Although the second strategy 902 is described above as being performed/implemented by display processor software 904, other possibilities are contemplated. For example, a hardware block 920 may perform/implement the second strategy 902 as described above. In an example, the hardware block 920 may be a color space conversion (CSC) hardware block.
FIG. 10 is a diagram 1000 illustrating a third strategy 1002 for finding a single bounding box for an AR layer in accordance with one or more techniques of this disclosure. The third strategy 1002 may be associated with using compression header data to imply a bounding region. Graphics associated data (e.g., the first AR layer 704) may be compressed as the graphics associated data is transmitted between different hardware elements of a device (e.g., the device 104) in order to reduce bandwidth demands on the device. For example, a graphics processor may render the first AR layer 704, compress the first AR layer 704, and transmit the (compressed) first AR layer 704 to a display processor.
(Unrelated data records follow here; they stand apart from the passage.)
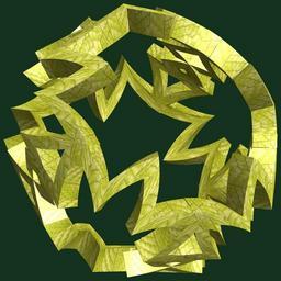 | Keywords: mathematica 3d cg parametricplot3d texture torus code program algorithm プログラム コード アルゴリズム 輪環 りんかん ドーナツ どーなつ 八芒星 はちぼうせい geometric sculpture geometricsculpture shape geometry sculpture mapping テクスチャ マッピング 模様 もよう abstract 抽象 ちゅうしょう アブストラクト design pattern デザイン パターン graphic グラフィック グラフィクス structure 意匠 構造 symmetry 対称性 たいしょうせい シンメトリー 対称 たいしょう plant leaf foliage outdoor a = 4; (* center hole size *) b = 8; (* octa-torus *) c = -10; (* distance from the center of rotation *) d = 5; (* number of torus *) h = 1; (* height of a torus *) SetOptions[ParametricPlot3D, PlotRange -> Full, Mesh -> None, Boxed -> False, Axes -> False, PlotPoints -> 400, ImageSize -> 3000, Background -> RGBColor[{20, 50, 30}/255], PlotStyle -> Directive[Specularity[White, 30], Texture[Import["D:/tmp/71.jpg"]]], TextureCoordinateFunction -> ({#4, #5 Pi} &), Lighting -> "Neutral"]; f[v_] := TriangleWave[{-1, 1}, v/(2 Pi)]; g[v_] := TriangleWave[{-1, 1}, v/(2 Pi) + 1/4]; x = (a - g[t] - f[b s]) Cos[s + Pi/(2 b)]; y = (a - g[t] - f[b s]) Sin[s + Pi/(2 b)]; z = (a - f[t] - h f[b s]) + c; rm = Table[{x, y, z}.RotationMatrix[2 i Pi/d, {1, 1, 0}], {i, d}]; ParametricPlot3D[rm, {t, 0, 2 Pi}, {s, 0, Pi}] (*--- The Texture *) a = 4; (* center hole size *) b = 8; (* octa-torus *) c = -10; (* distance from the center of rotation *) d = 5; (* number of torus *) h = 1; (* height of a torus *) SetOptions[ParametricPlot3D, PlotRange -> Full, Mesh -> None, Boxed -> False, Axes -> False, PlotPoints -> 400, ImageSize -> 3000, Background -> RGBColor[{20, 50, 30}/255], PlotStyle -> Directive[Specularity[White, 30], Texture[Import["D:/tmp/71.jpg"]]], TextureCoordinateFunction -> ({#4, #5 Pi} &), Lighting -> "Neutral"]; f[v_] := TriangleWave[{-1, 1}, v/(2 Pi)]; g[v_] := TriangleWave[{-1, 1}, v/(2 Pi) + 1/4]; x = (a - g[t] - f[b s]) Cos[s + Pi/(2 b)]; y = (a - g[t] - f[b s]) Sin[s + Pi/(2 b)]; z = (a - f[t] - h f[b s]) + c; rm = Table[{x, y, z}.RotationMatrix[2 i Pi/d, {1, 1, 0}], {i, d}]; ParametricPlot3D[rm, {t, 0, 2 Pi}, {s, 0, Pi}] (*--- The Texture *) |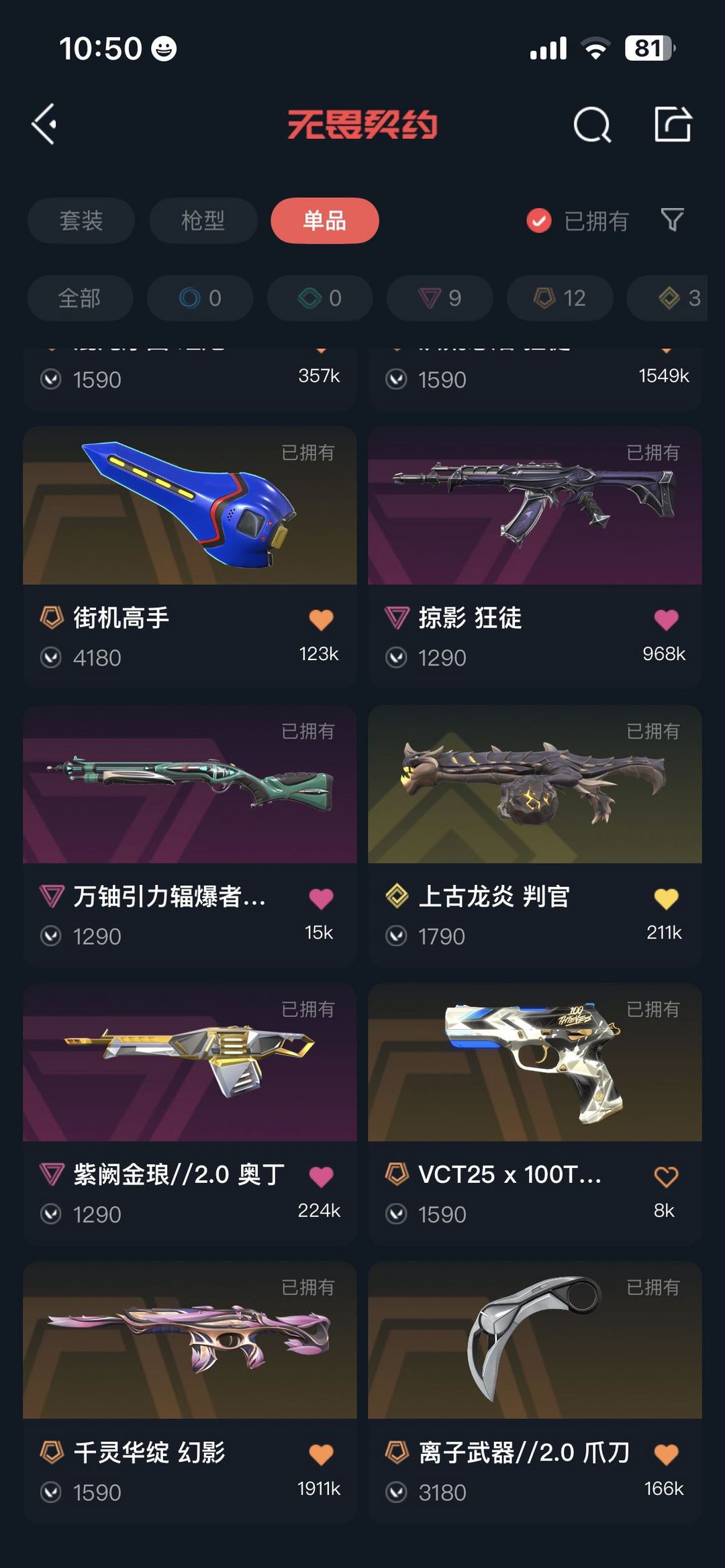 武器皮肤数量:105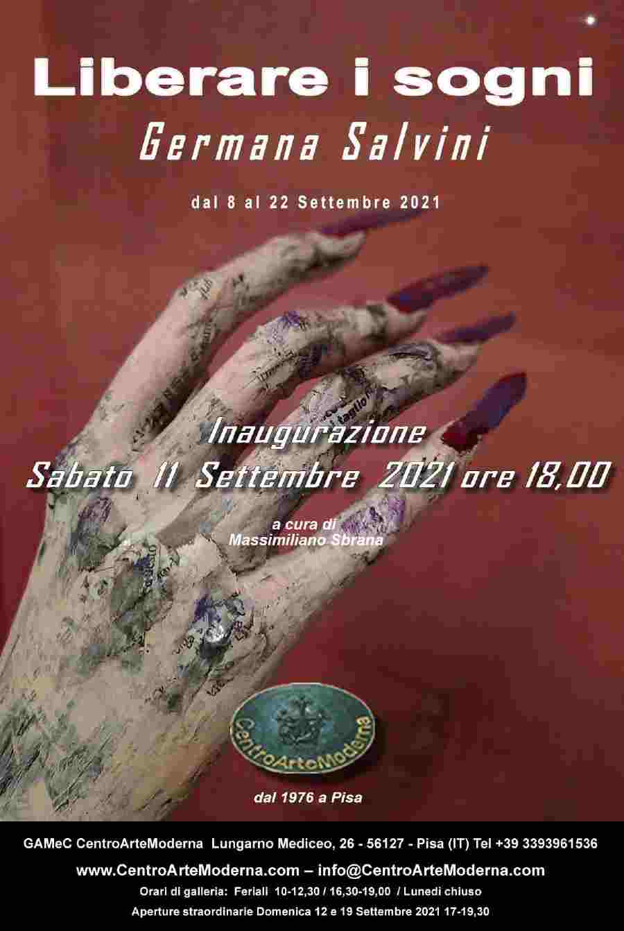 Si inaugura ufficialmente Sabato 11 ( la mostra sarà aperta al pubblico da mercoledì 8 settembre pv) Settembre 2021 alle ore 18,00 presso gli spazi espositivi della Galleria d'Arte Moderna e Contemporanea CentroArteModerna di Pisa, a cura di Massimiliano Sbrana, sul Lungarno Mediceo al n.26, la mostra personale "Liberera i sogni" della poliedrica autrice toscana Germana Salvini.

The display processor may receive the (compressed) first AR layer 704, decompress the (compressed) first AR layer 704, and perform further processing on the (decompressed) first AR layer 704.
In an example, a device (e.g., a graphics processor) that compresses/decompresses data according to some compression/decompression formats may subdivide a frame (e.g., the first AR layer 704) into compression tiles 1004 of a fixed size. A compression tile may be a rectangular subdivision of a frame or layer. In the example, the device may maintain compression tile metadata 1006 that includes a buffer header 1008, where the buffer header 1008 indicates which tiles in the compression tiles 1004 include data (i.e., which tiles are “non-empty”). Compression tile metadata (which may also be referred to as tile tracking compression metadata) may refer to data about tiles used for compression purposes. A buffer header may refer to a portion of the compression tile metadata that includes the data about the tiles used for compression purposes.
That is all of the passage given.